Expand the publishing model so it can express how tests were executed, where runs should land, and how automated metadata should be maintained.

Priority work

  1. Support automation classification rules instead of a single coarse toggle.
  2. Allow controlled publication to more than one destination suite when desired.
  3. Add stronger matching and fallback rules for automated result association.
  4. Expand comment and attachment policies for complex retry-heavy pipelines.

Main files

  • src/sync/publish-results.ts
  • src/azure/test-runs.ts
  • src/azure/test-cases.ts
  • src/types.ts
  • docs-site/docs/publish-test-results.md

Exit criteria

  • automation metadata is predictable across push and publish flows
  • result publication can be routed beyond a single suite binding when required
  • retry-heavy pipelines produce consistent final outcomes

Phase 6: Add extension points instead of hard-coding every variant

Problem to solve

ado-sync already supports many ecosystems, but every new integration currently tends to require first-party changes.

Product direction

Introduce a narrow extension model for parser registration, result ingestion, custom routing, and metadata transforms.

Candidate extension seams

  • local spec discovery
  • parser registration
  • result-file ingestion
  • test-case field transformation
  • run-routing policies

Main files

  • src/types.ts
  • src/config.ts
  • parser modules under src/parsers/
  • src/sync/engine.ts
  • src/sync/publish-results.ts

Exit criteria

  • new ecosystems can be added without invasive changes to the core sync engine
  • experimental integrations can ship behind stable interfaces
  • core maintenance load stays bounded as format coverage expands

  1. Phase 2: remaining hierarchy extensions
  2. Phase 5: deeper automation and result-routing behavior
  3. Phase 4: configuration ergonomics and shared profiles
  4. Phase 6: extension model

This order builds on the already-delivered ownership and command-surface foundations, then adds the routing depth, publishing depth, and configuration ergonomics needed for larger installations.
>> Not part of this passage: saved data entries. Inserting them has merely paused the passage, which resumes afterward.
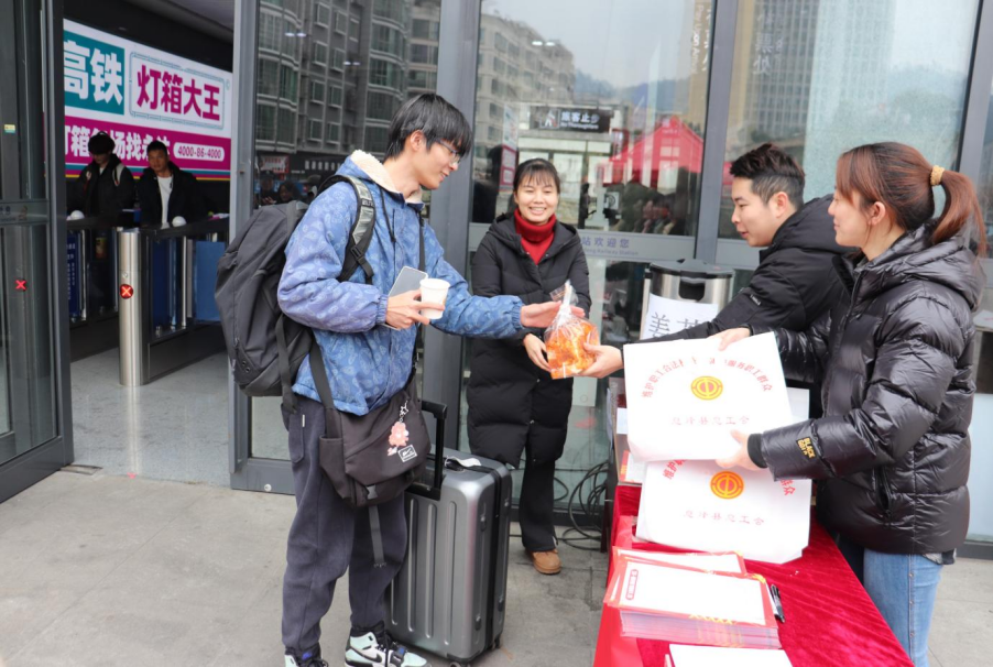 随着春运大幕的开启,息烽县总工会联合息烽县人力资源和社会保障局、永阳街道、团县委等多家部门在息烽县高铁站出站口设置了返乡农民工服务点,为返乡农民工提供热气腾腾的姜茶、面包和春联等暖心物资。服务点现场还设立政策咨询台,积极宣传本地的就业岗位信息、创业扶持政策以及劳动法律法规,帮助群众更好地了解就业、劳动权益保障等相关政策。
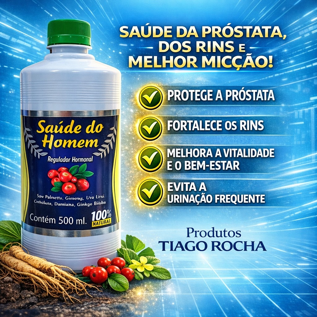 O Composto Líquido Saúde do Homem (Próstata e Bexiga) é uma fórmula natural pensada para apoio ao bem-estar urinário e à saúde masculina, combinando extratos tradicionalmente utilizados para conforto da próstata, fluxo urinário e equilíbrio do trato urinário.
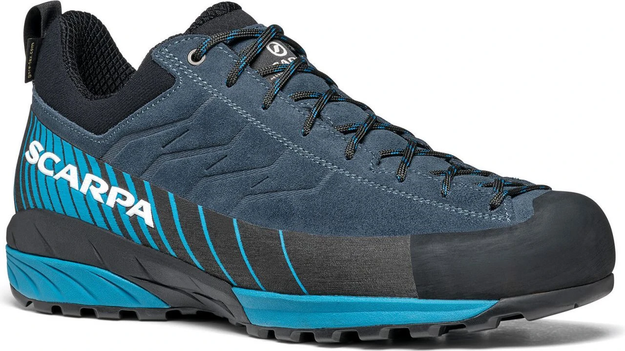 The Mescalito GTX is ideal for technical ascents, light climbing, via ferrata or even hiking. The upper is made of water-repellent suede leather and the elastic fabric cuff ensures maximum comfort. It features a waterproof and breathable GORE-TEXÂŽ membrane to keep your feet dry and warm on rainy days. The lacing system adopted from the climbing world, which extends to the toes, guarantees you the best possible fit.

Near-term backlog candidates

If the goal is to start implementation immediately, the highest-value first batch is:

  1. add migration guidance for teams adopting syncTarget.tagged from older suite-scoped configs
  2. extend the diagnostic model into result publication and other non-sync commands
  3. extend hierarchy definitions beyond current generated trees into parallel-output models
  4. keep package-boundary validation in CI as the artifact surface evolves

That batch reduces operational risk, hardens ownership boundaries, and keeps the release artifact aligned with the product surface.